No es el primer escritor gay que escribe historias de amor entre hombres ni que presenta la violenta o también solapada confrontación con el mundo de los personajes heterosexuales que rodean a los protagonistas, se diría que todo lo contrario: David Leavitt, que nació en 1961 en Pittsburgh (Estados Unidos), es sí un escritor post Stonewall (léase que cuenta con un activismo como parte del territorio que le tocó pisar, con la palabra gay para nombrarse y con un público de lectores ávidos por encontrar historias que los representaran), pero inscripto en una tradición que en el siglo XX tiene nombres como James Baldwin, Gore Vidal, Christopher Isherwood, William S. Burroughs. El hecho nada menor de que en los ochenta, y cuando rondaba los 20 años, irrumpiera con su original y talentoso libro de cuentos, Baile en familia, puso la mirada de la crítica, del medio y de esos lectores que durante años lo siguieron como a un talismán.
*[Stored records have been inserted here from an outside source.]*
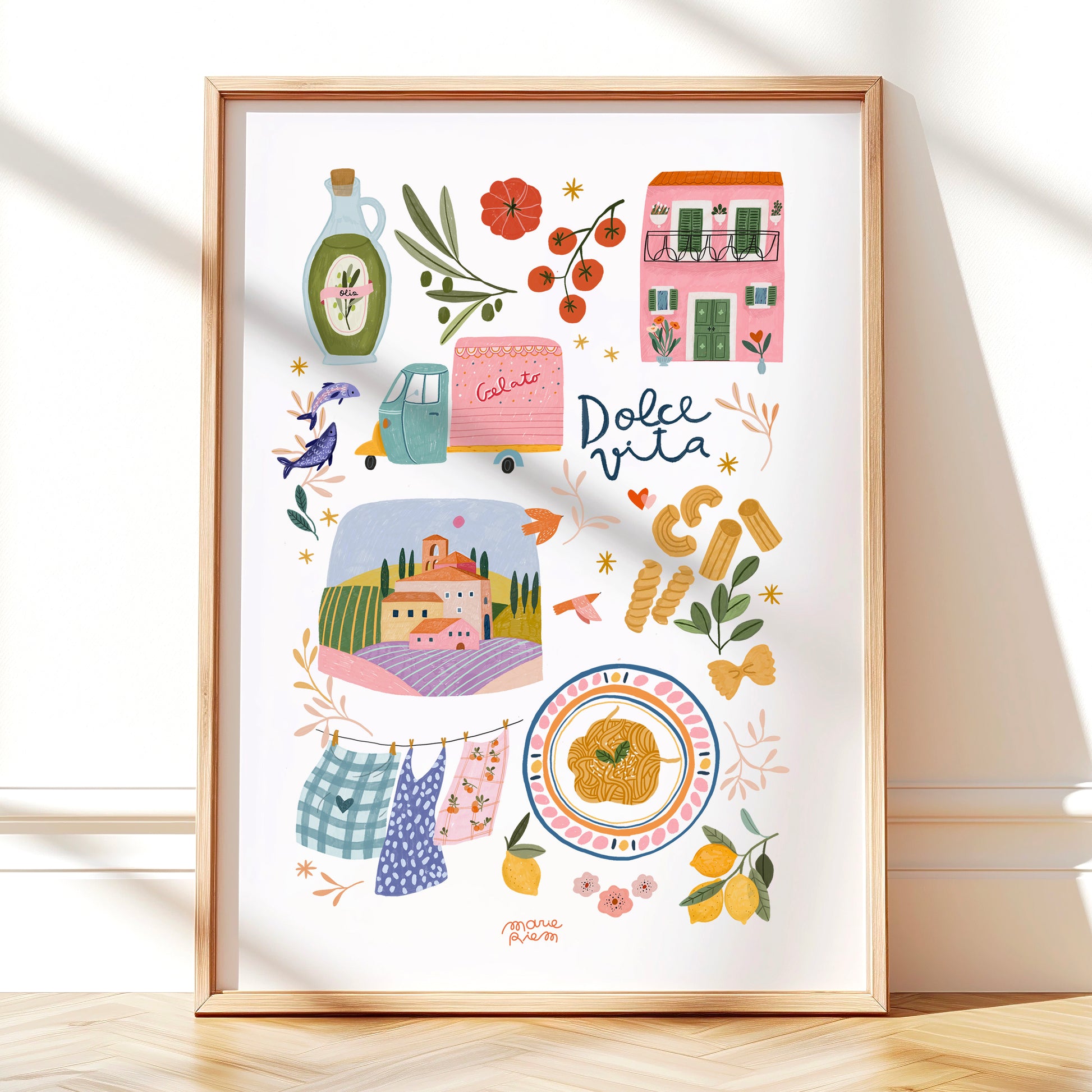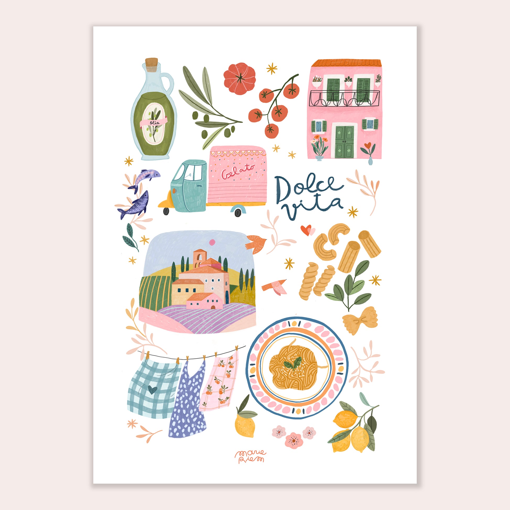 - Illustration imprimée sur un papier dessin épais (300 g) texturé (pour les formats A6, A5, A4, A3) -- (170 g pour le format A2)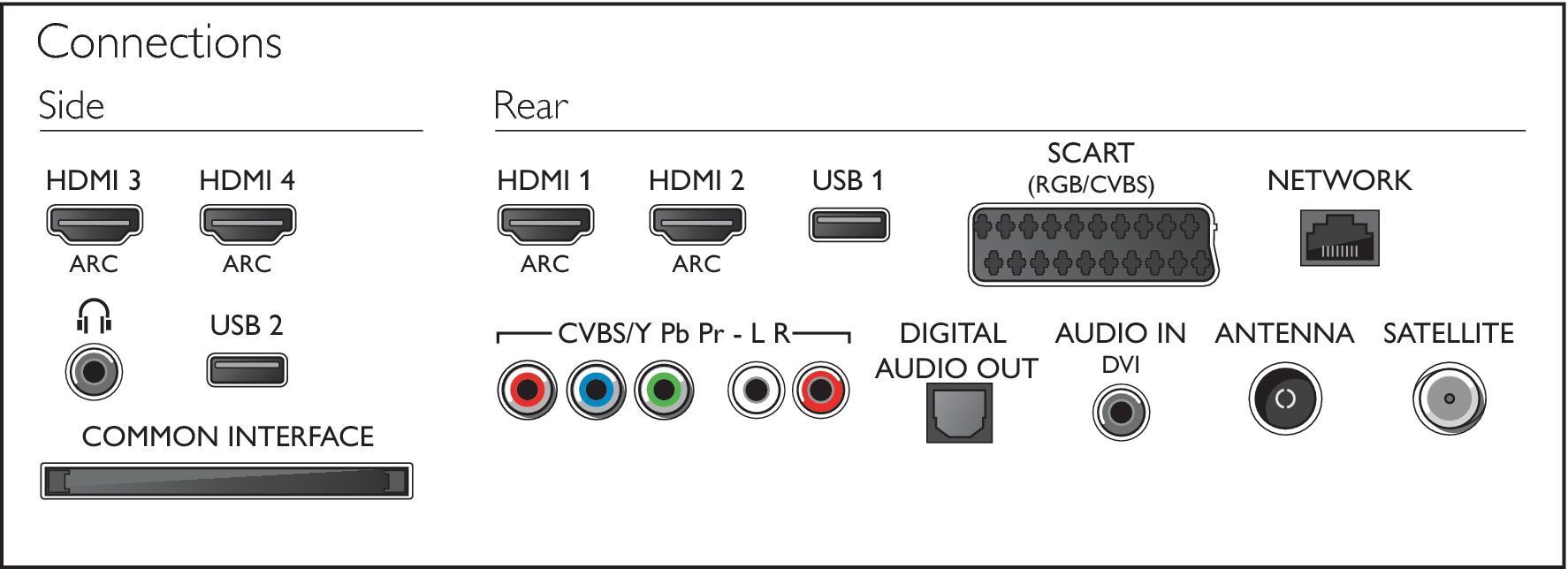 - Ostali priključki: Antena IEC75, S potrdilom CI+1.3, Zvočni vhod (DVI), Standardni vmesnik plus (CI+), Ethernet-LAN RJ-45, Digitalni zvočni izhod (optični), Zvočni vhod L/D, Izhod za slušalke, Storitveni priključek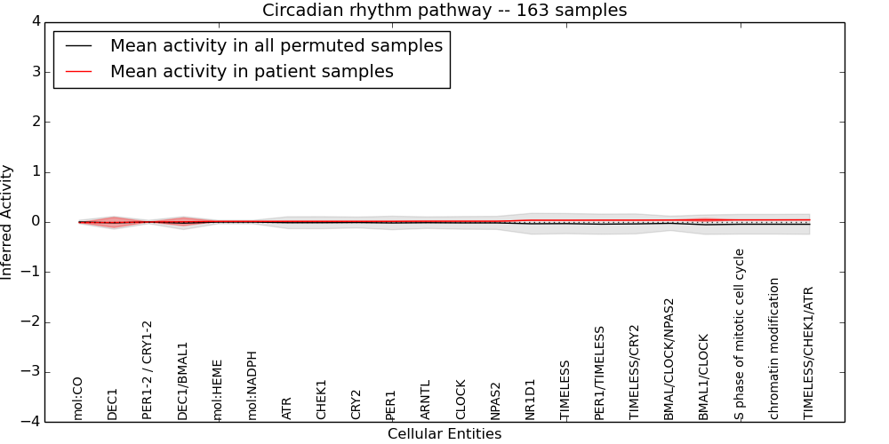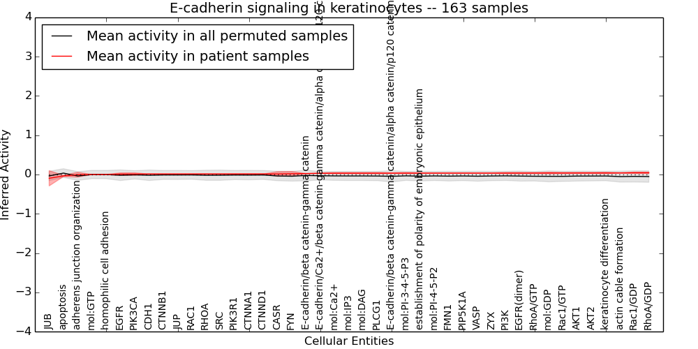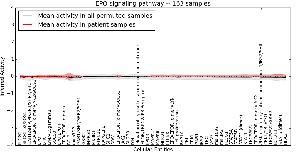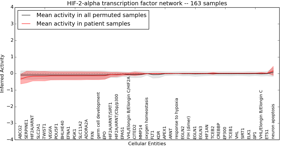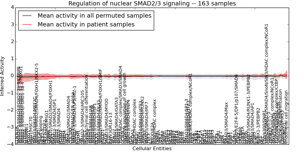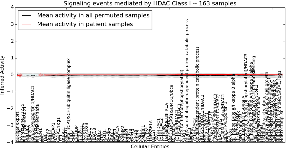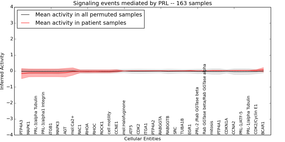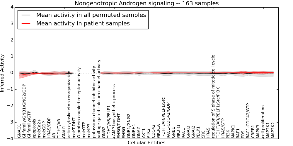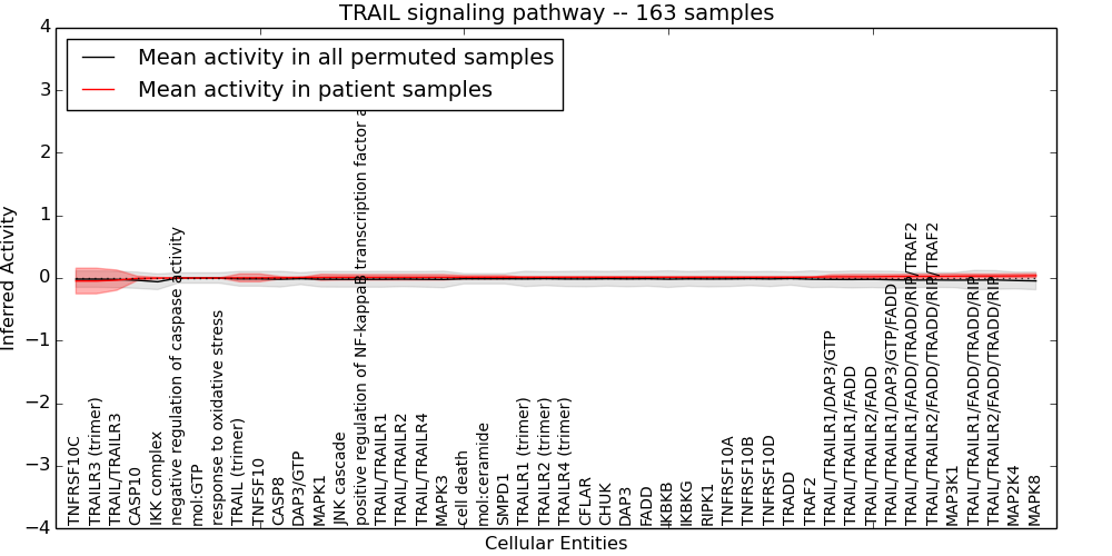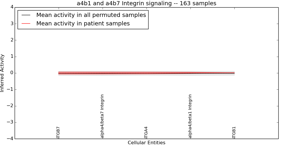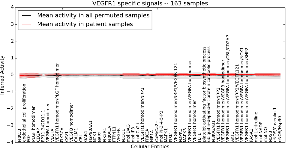 Figure S131.  Get High-res Image This plot shows pathway concept perturbations across all samples against a permutation model. The concepts along the x-axis are sorted by lowest to highest mean activity for the real patient samples. Mean inferred activities are plotted along the y-axis as a colored band showing the average level and one standard deviation range. Real samples are shown in red and permuted samples in black.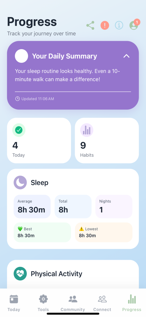 • Whole-Body habit tracking: Log daily routines that strengthen your body and mind — from movement and rest to mindfulness and reflection.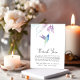 Una elegante tarjeta de agradecimiento para funeral y memorial que presenta una ilustración de acuarela de un colibrí y flores, y "Gracias" en un guión de estilo manuscrito. Personalice su mensaje de agradecimiento y el nombre de su ser querido y las fechas de nacimiento y muerte.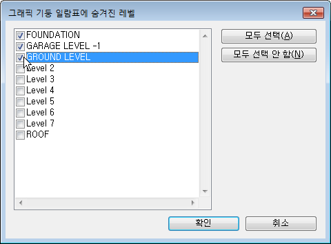 - 해당 레벨 이름 옆의 확인란을 클릭하여 숨길 레벨을 선택합니다.
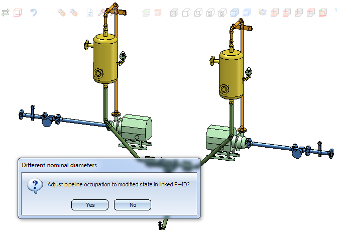 You have the option to change the nominal diameter of a pipeline in the P+ID, even if it pipeline parts have been subordinated to it by means of a part assignment. When changing the nominal diameter, existing part assignments of subordinated pipeline parts will be adjusted accordingly; this will be indicated by a corresponding message. If more that one matching part will be found, one of these part needs to be selected.

Y Leavitt siguió con más hallazgos, agregando contextos, ironías y componentes etarios, étnicos y sensuales a sus historias donde los personajes gays, como se ha visto con claridad recién llegado el siglo XXI, conviven con los que no lo son o no saben que lo son. Su primera novela, El lenguaje perdido de las grúas (1986), comienza con la decadencia de un matrimonio tipo y culmina con dos salidas del closet, la del hijo adolescente y la del padre. En Amores iguales (1989), agrega a la historia entre hombres el componente intergeneracional, un abogado se enfrenta con la enfermedad de su madre, quien muere de cáncer, aparece una hermana lesbiana y un padre que, como Leavitt, es profesor en California. Aunque Leavitt ha negado hasta el hartazgo la relación autobiográfica, los fanáticos siguen encontrando su retrato. La educación judía y los conflictos de la autoaceptación, cruzado esto con la vida cotidiana de la clase media, catapultaron a Leavitt a la categoría de superstar de las letras gays americanas, con un reconocimiento mayor en Europa, como corresponde.

 

 

En la novela que viene a presentar a Buenos Aires, El contable hindú, Leavitt retrocede a la época victoriana y a la Inglaterra más recalcitrante, los colleges de Cambridge, para contar la historia real del indio Srinivasa Ramanujan, el joven brillante que sin haber estudiado formalmente y en lo más profundo de la India descubre las fórmulas más buscadas por los matemáticos de principios de siglo. O mejor dicho, reconstruye la relación entre este joven y el matemático británico G. H. Hardy.

 

Aprovecha esta novela, que podría llamarse histórica, para reproducir las percepciones no sólo sobre la homosexualidad, sino sobre lo normal, las relaciones entre ciencia y verdad y la construcción de cofradías que marcaron los años en que Oscar Wilde era llevado a juicio y tantos hombres vivían su homosexualidad como un excéntrico daño, o como un pasatiempo a ser olvidado en el calor del hogar o del trabajo.